## Exercise objective
Copy out the data word for word, without any of its pictures.

## Exercise materials
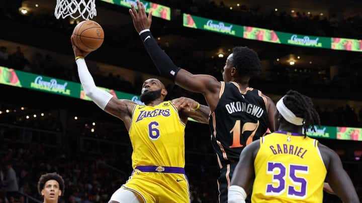 Pour son 38ème anniversaire, LeBron James fait les choses en grand. Le King inscrit son record de points personnel cette saison avec 47 points (dont 16 dans le dernier quart-temps), 10 rebonds et 9 passes décisives, échouant à une passe d'un triple double. Plus important, les Lakers privés d'Anthony Davis pour encore quelques semaines, l'emportent face aux Hawks 130 à 121. Atlanta, parlons en, alterne le bon et le mauvais cette saison à l'image des 29 points de Trae Young à seulement 11/24 aux tirs.
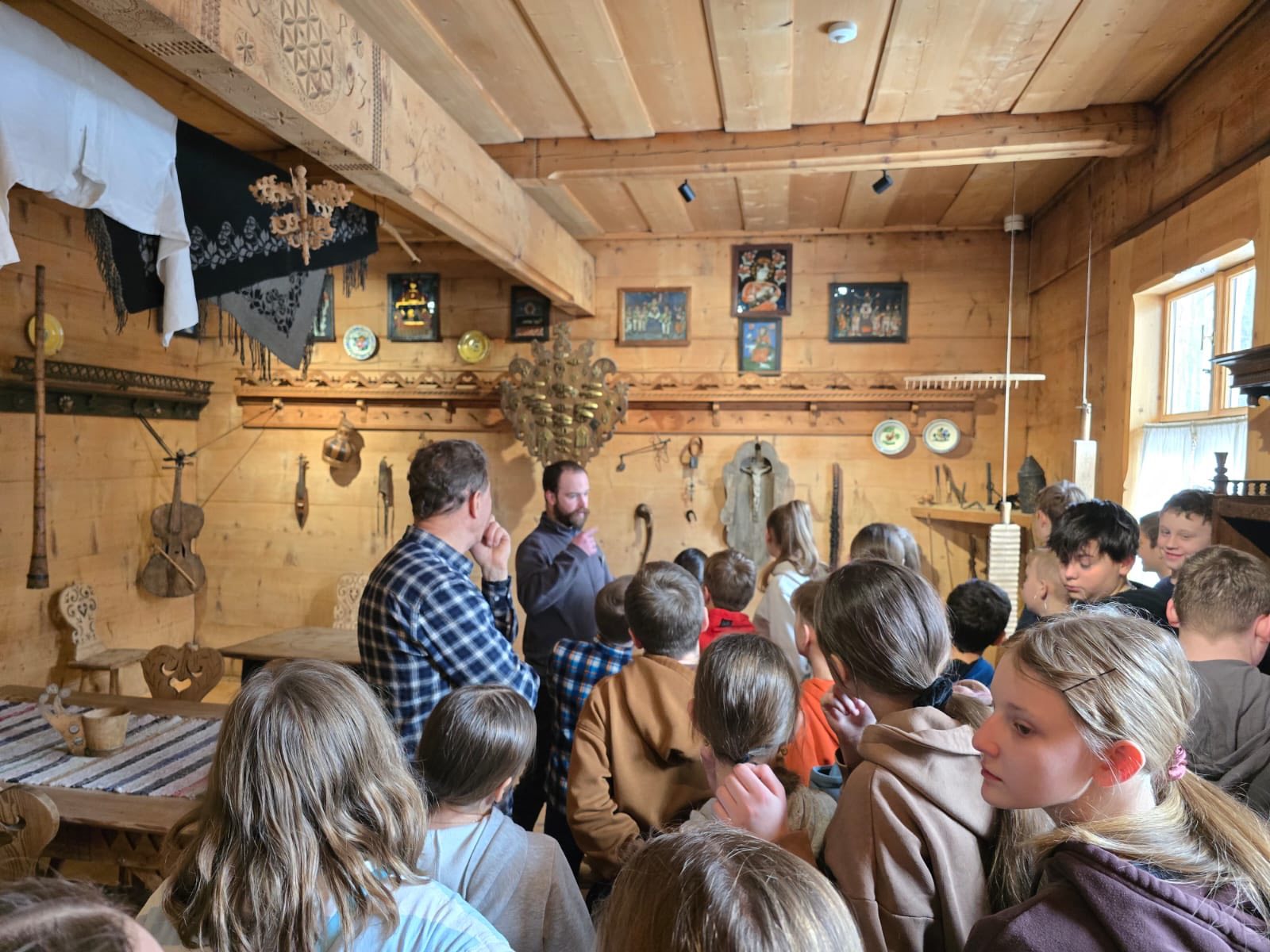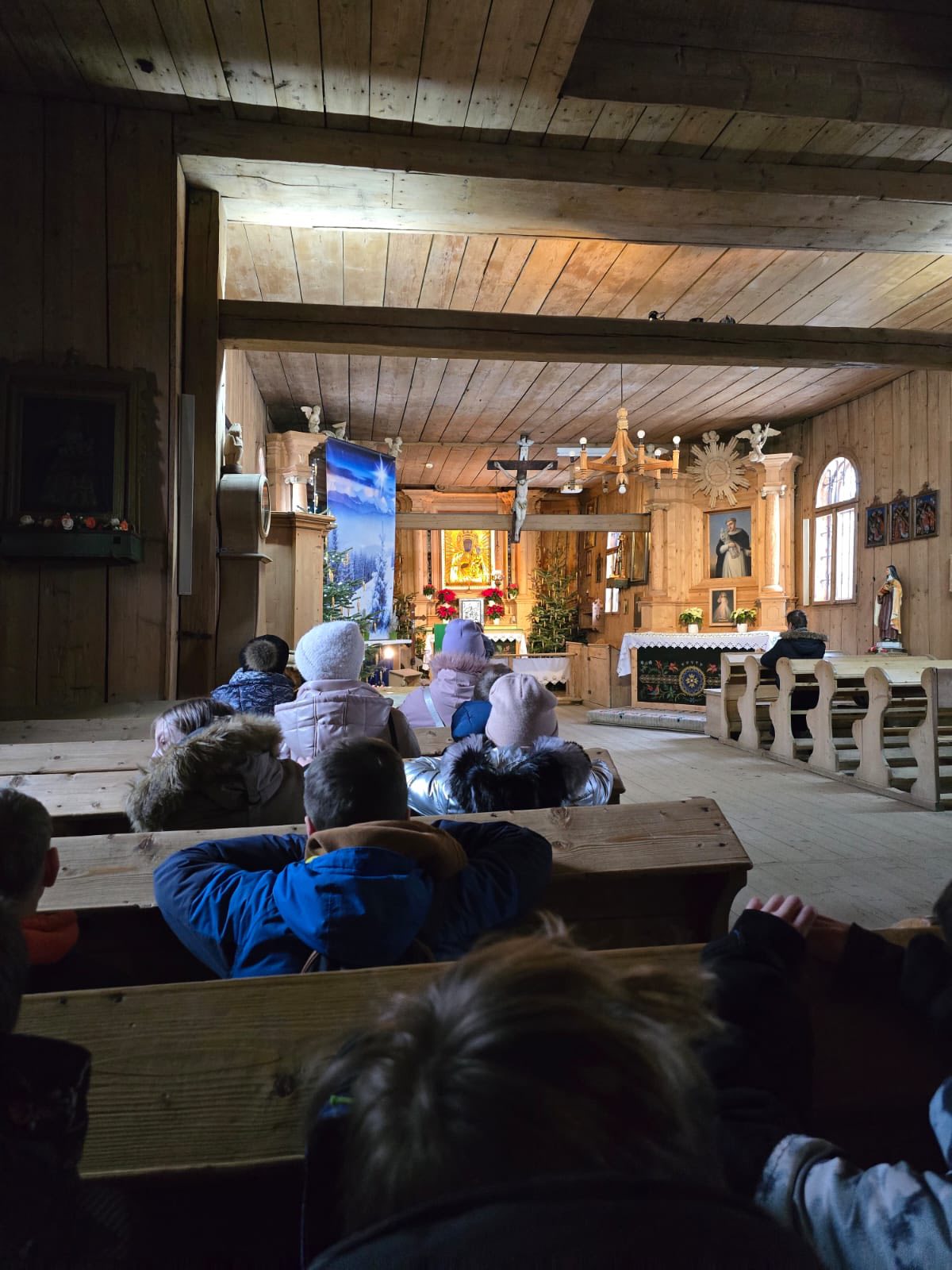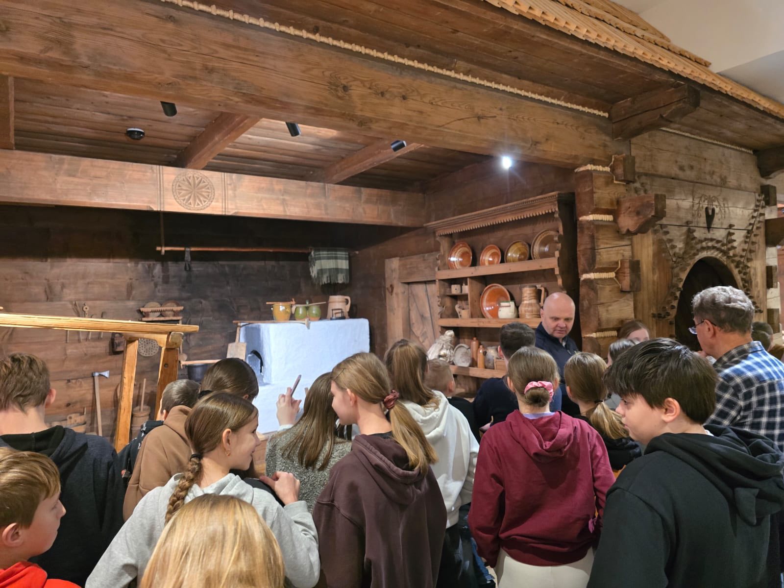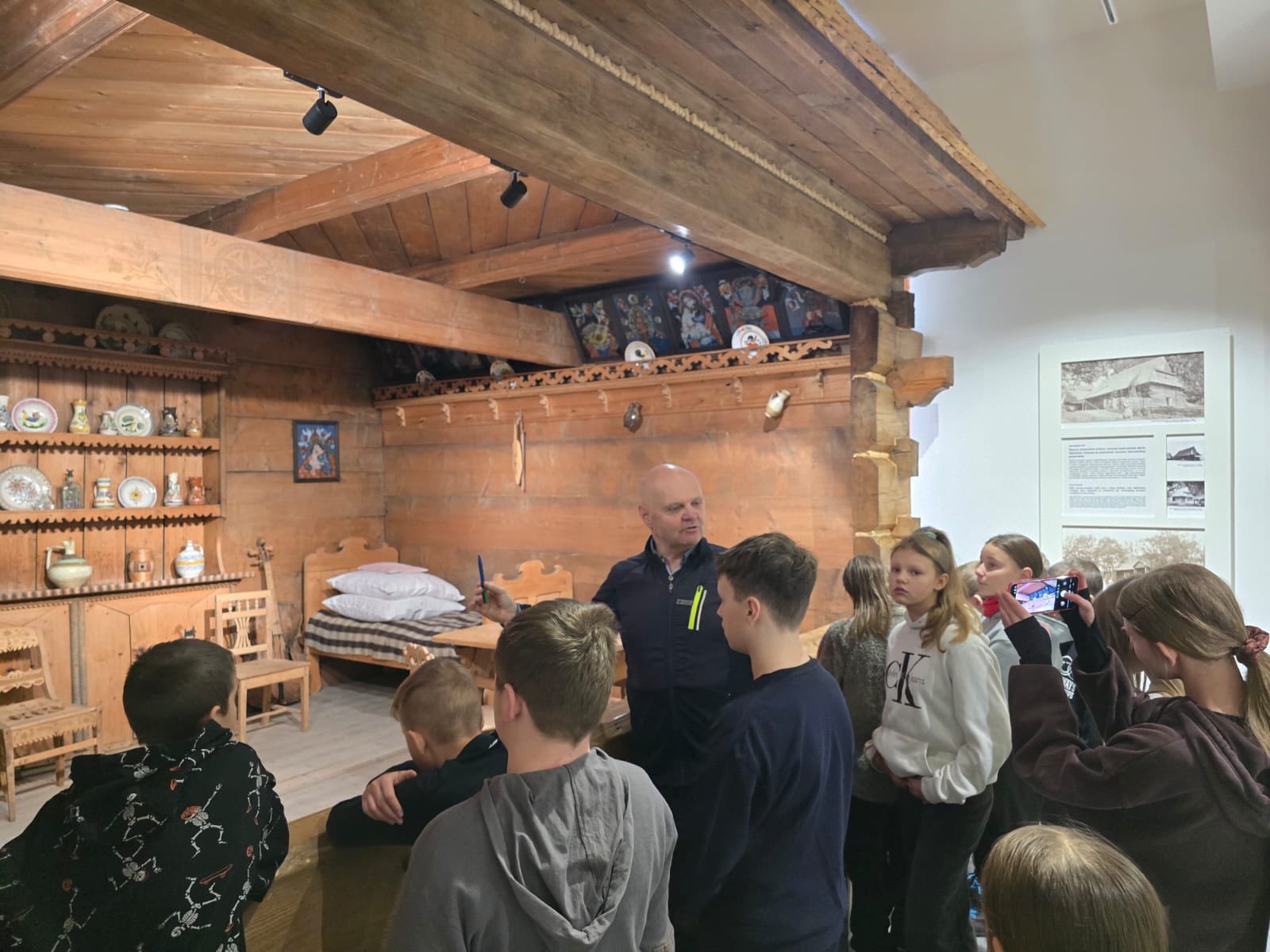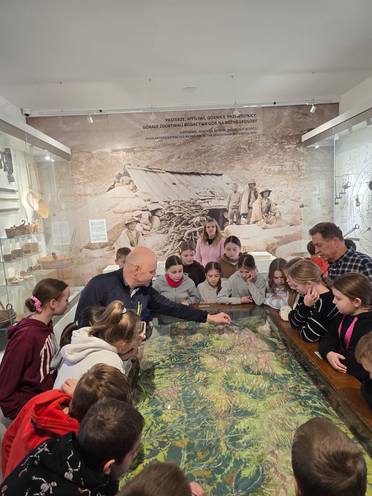 16.01.2026 klasy 5 udały się na wycieczkę, która była okazją do bliższego poznania kultury Podhala oraz najważniejszych miejsc związanych z historią miasta Zakopane. Nasze zwiedzanie rozpoczęliśmy od gmachu głównego Muzeum Tatrzańskiego, gdzie zapoznaliśmy się z bogatą historią regionu, postaciami waznymi dla historii Zakopanego i Podhala, tradycjami góralskimi, strojami ludowymi oraz przyrodą Tatr. Zgromadzone eksponaty i ciekawe opowieści przewodnika pozwoliły nam lepiej zrozumieć wyjątkowość tego miejsca.
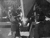Ship's Sponsor, Emma DeLong Mills, during launching ceremonies
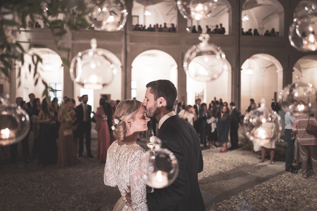 Dopo l’aperitivo, gli invitati sono stati accolti dagli splendidi affreschi della Sala di Giove. Intrisa di arte e di simbolismi la sala è stata da noi allestita con centrotavola dallo stile naturale e dalla forma rotonda, che avvolgevano un vaso di design tra trasparenze e giochi di luce.
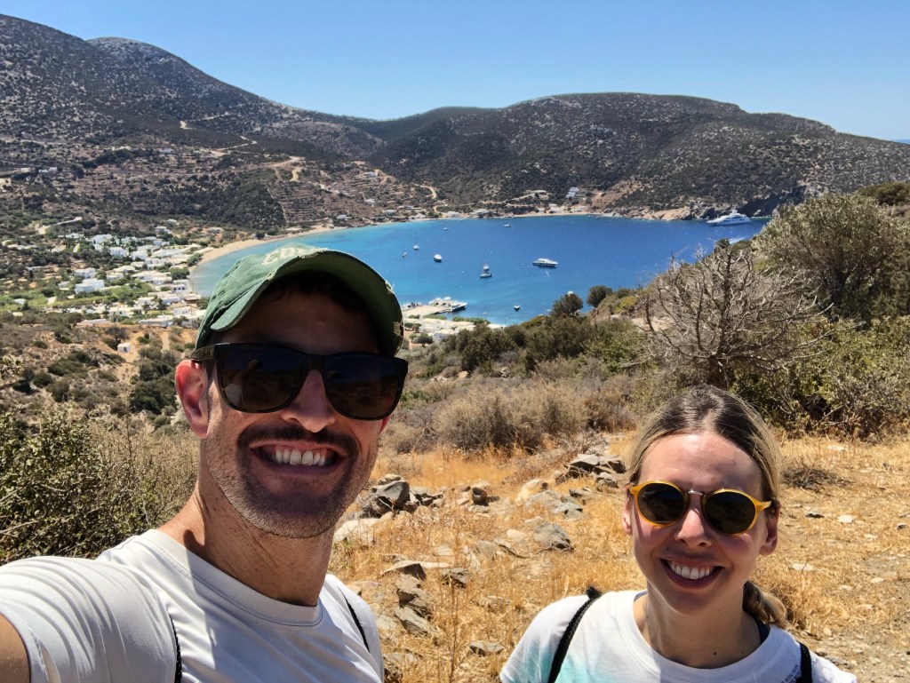 That evening our friend Sarah arrived from Paris and she joined our hiking club. (And slept in a bed next to us in our hotel room, but it was cozy). The following day, we hiked from Apollonia to Platis Gialos, which is one of the more happening spots on the island, and the town where THE island hot spot, the restaurant Omega 3, is located. We hoped we could just saunter up to Omega 3 post-hike and procure a table for the three of us hikers, and the six-person Dutch contingency. The hike was awesome, but the Omega 3 folks informed us that they were booked solid for lunch and dinner through October and we had no chance. Of course when I told this to our Dutch friend Daniel, who has FOMO and is very persuasive, he marched back over and somehow secured us a dinner reservation for nine people for our last night on Sifnos. Anyways, we ate a still very delicious lunch at less famous restaurant and it was just fine. More than fine, really. Even though the menus on Sifnos aren’t large – grilled squid, shrimp, meatballs, dips, cheese, zucchini balls, salads — they are SO GOOD. (I could do a whole other post on how the thing I miss the most is big good salads. But I’ve already picked the hiking thing, so I’m sticking with it).
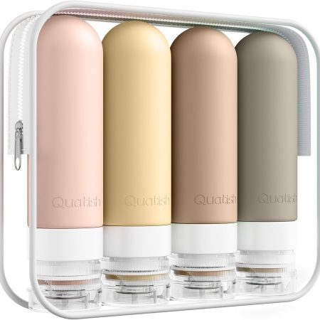 Quatish Travel Bottles for Toiletries, Original Patented Leak Proof Travel Size Containers, 3 oz Tsa Approved Silicone Shampoo and Conditioner Bottles, 4 Pack
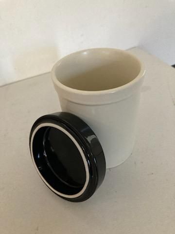 Keramik, Krukke med låg, Herne keramik, Krukke med låg -og meget fint mønster. Krukken er 12 cm høj- de er kvardratisk ( 7.5 cm). Den er fra Herne keramik. Den har ingen afslag eller revner.
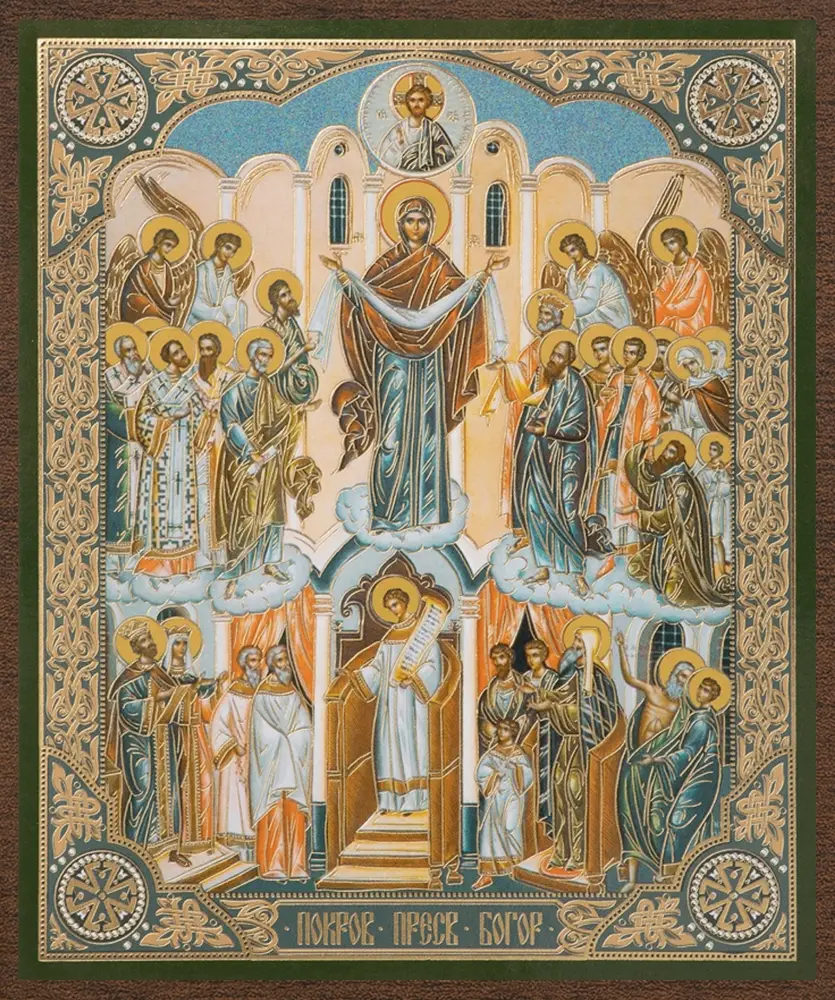 Икона БМ "Покров Пресвятой Богородицы", вид 2, 10х12 на МДФ-6
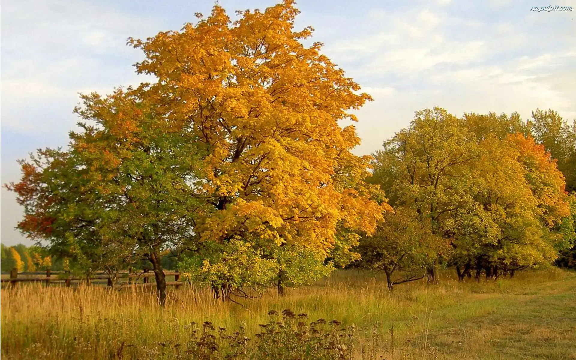 Jesień, Łąka, Pola, Drzewa
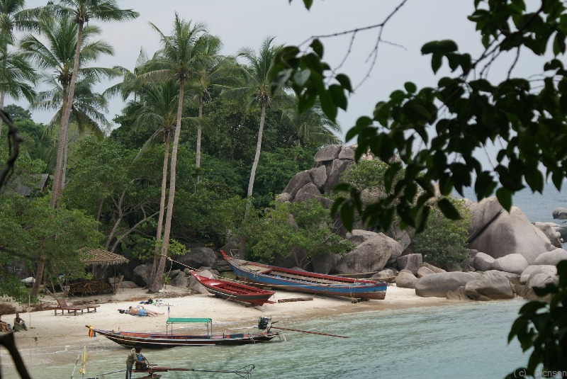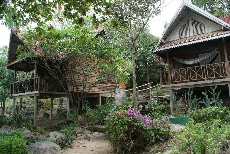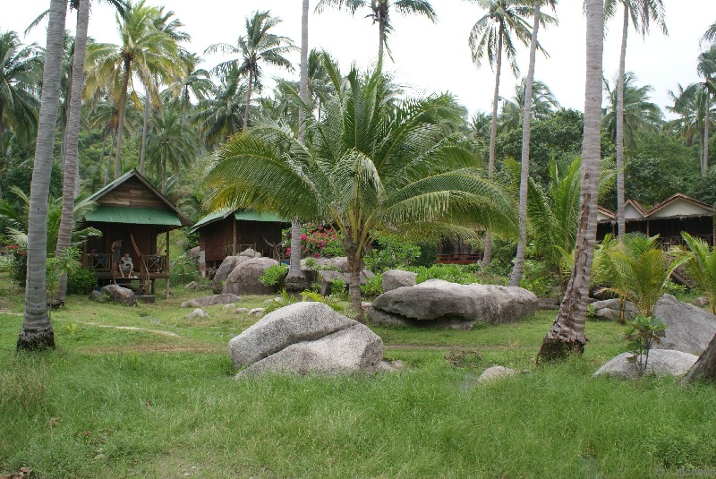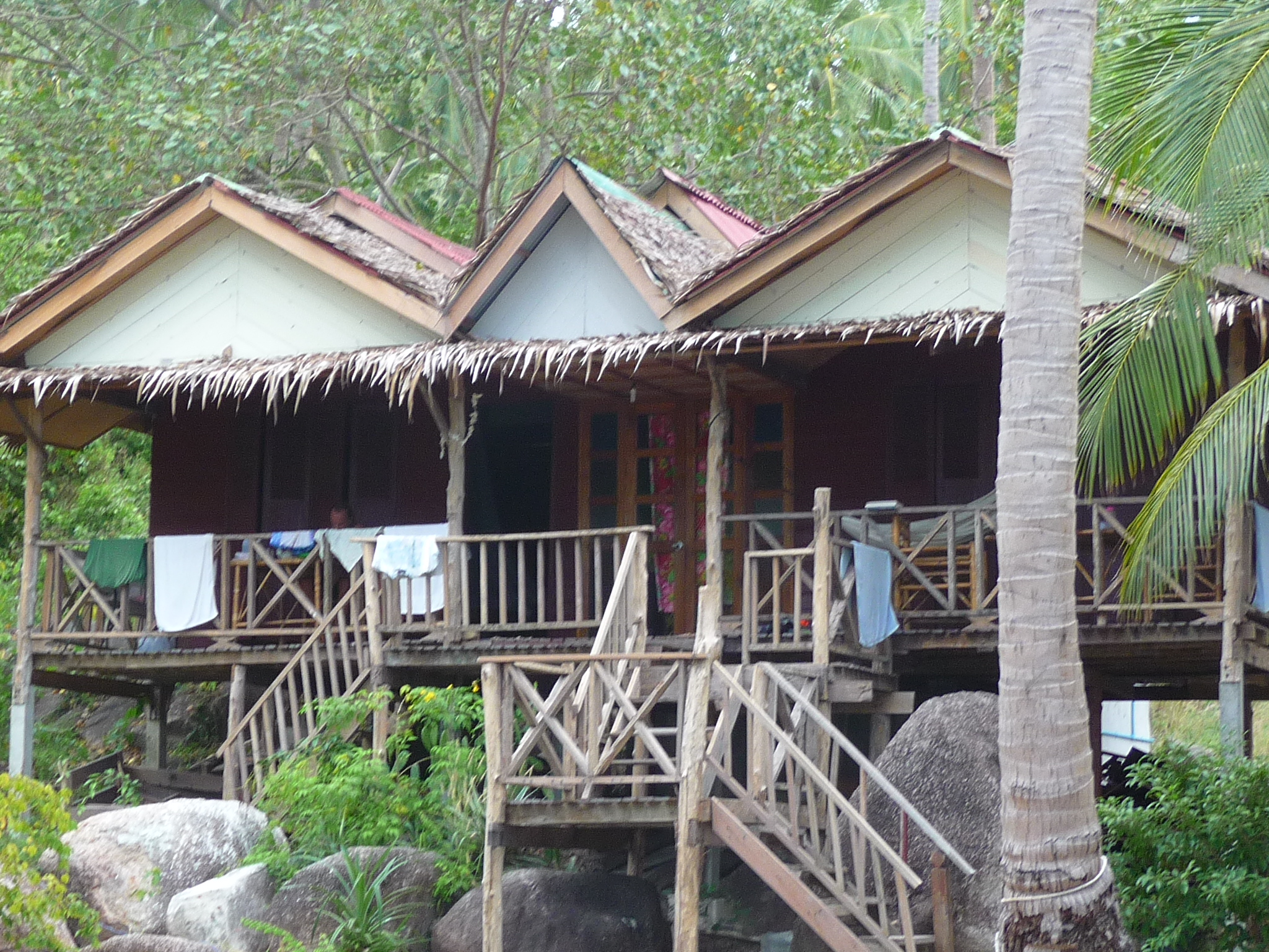 Das schönste Resort an dieser Bucht Ko Taos. Die Holzbungalows stehen zum Teil direkt am Strand, oder sind in den Hang gebaut. Auch hier sind alle mit Ventilator ausgestattet. In dem gemütlichen Restaurant sitzt man mit Meerblick. Die Auswahl auf der Speisekarte ist nicht so groß, wie manch einer gewohnt ist, dafür ist das Essen wirklich schmackhaft. Das finden wohl auch die diebischen Vögel, die spätestens nach Beenden der Mahlzeit am liebsten die Reste vom Teller picken.

## Solution to this exercise
 Pour son 38ème anniversaire, LeBron James fait les choses en grand. Le King inscrit son record de points personnel cette saison avec 47 points (dont 16 dans le dernier quart-temps), 10 rebonds et 9 passes décisives, échouant à une passe d'un triple double. Plus important, les Lakers privés d'Anthony Davis pour encore quelques semaines, l'emportent face aux Hawks 130 à 121. Atlanta, parlons en, alterne le bon et le mauvais cette saison à l'image des 29 points de Trae Young à seulement 11/24 aux tirs.
 16.01.2026 klasy 5 udały się na wycieczkę, która była okazją do bliższego poznania kultury Podhala oraz najważniejszych miejsc związanych z historią miasta Zakopane. Nasze zwiedzanie rozpoczęliśmy od gmachu głównego Muzeum Tatrzańskiego, gdzie zapoznaliśmy się z bogatą historią regionu, postaciami waznymi dla historii Zakopanego i Podhala, tradycjami góralskimi, strojami ludowymi oraz przyrodą Tatr. Zgromadzone eksponaty i ciekawe opowieści przewodnika pozwoliły nam lepiej zrozumieć wyjątkowość tego miejsca.
Ship's Sponsor, Emma DeLong Mills, during launching ceremonies
 Dopo l’aperitivo, gli invitati sono stati accolti dagli splendidi affreschi della Sala di Giove. Intrisa di arte e di simbolismi la sala è stata da noi allestita con centrotavola dallo stile naturale e dalla forma rotonda, che avvolgevano un vaso di design tra trasparenze e giochi di luce.
 That evening our friend Sarah arrived from Paris and she joined our hiking club. (And slept in a bed next to us in our hotel room, but it was cozy). The following day, we hiked from Apollonia to Platis Gialos, which is one of the more happening spots on the island, and the town where THE island hot spot, the restaurant Omega 3, is located. We hoped we could just saunter up to Omega 3 post-hike and procure a table for the three of us hikers, and the six-person Dutch contingency. The hike was awesome, but the Omega 3 folks informed us that they were booked solid for lunch and dinner through October and we had no chance. Of course when I told this to our Dutch friend Daniel, who has FOMO and is very persuasive, he marched back over and somehow secured us a dinner reservation for nine people for our last night on Sifnos. Anyways, we ate a still very delicious lunch at less famous restaurant and it was just fine. More than fine, really. Even though the menus on Sifnos aren’t large – grilled squid, shrimp, meatballs, dips, cheese, zucchini balls, salads — they are SO GOOD. (I could do a whole other post on how the thing I miss the most is big good salads. But I’ve already picked the hiking thing, so I’m sticking with it).
 Quatish Travel Bottles for Toiletries, Original Patented Leak Proof Travel Size Containers, 3 oz Tsa Approved Silicone Shampoo and Conditioner Bottles, 4 Pack
 Keramik, Krukke med låg, Herne keramik, Krukke med låg -og meget fint mønster. Krukken er 12 cm høj- de er kvardratisk ( 7.5 cm). Den er fra Herne keramik. Den har ingen afslag eller revner.
 Икона БМ "Покров Пресвятой Богородицы", вид 2, 10х12 на МДФ-6
 Jesień, Łąka, Pola, Drzewa
 Das schönste Resort an dieser Bucht Ko Taos. Die Holzbungalows stehen zum Teil direkt am Strand, oder sind in den Hang gebaut. Auch hier sind alle mit Ventilator ausgestattet. In dem gemütlichen Restaurant sitzt man mit Meerblick. Die Auswahl auf der Speisekarte ist nicht so groß, wie manch einer gewohnt ist, dafür ist das Essen wirklich schmackhaft. Das finden wohl auch die diebischen Vögel, die spätestens nach Beenden der Mahlzeit am liebsten die Reste vom Teller picken.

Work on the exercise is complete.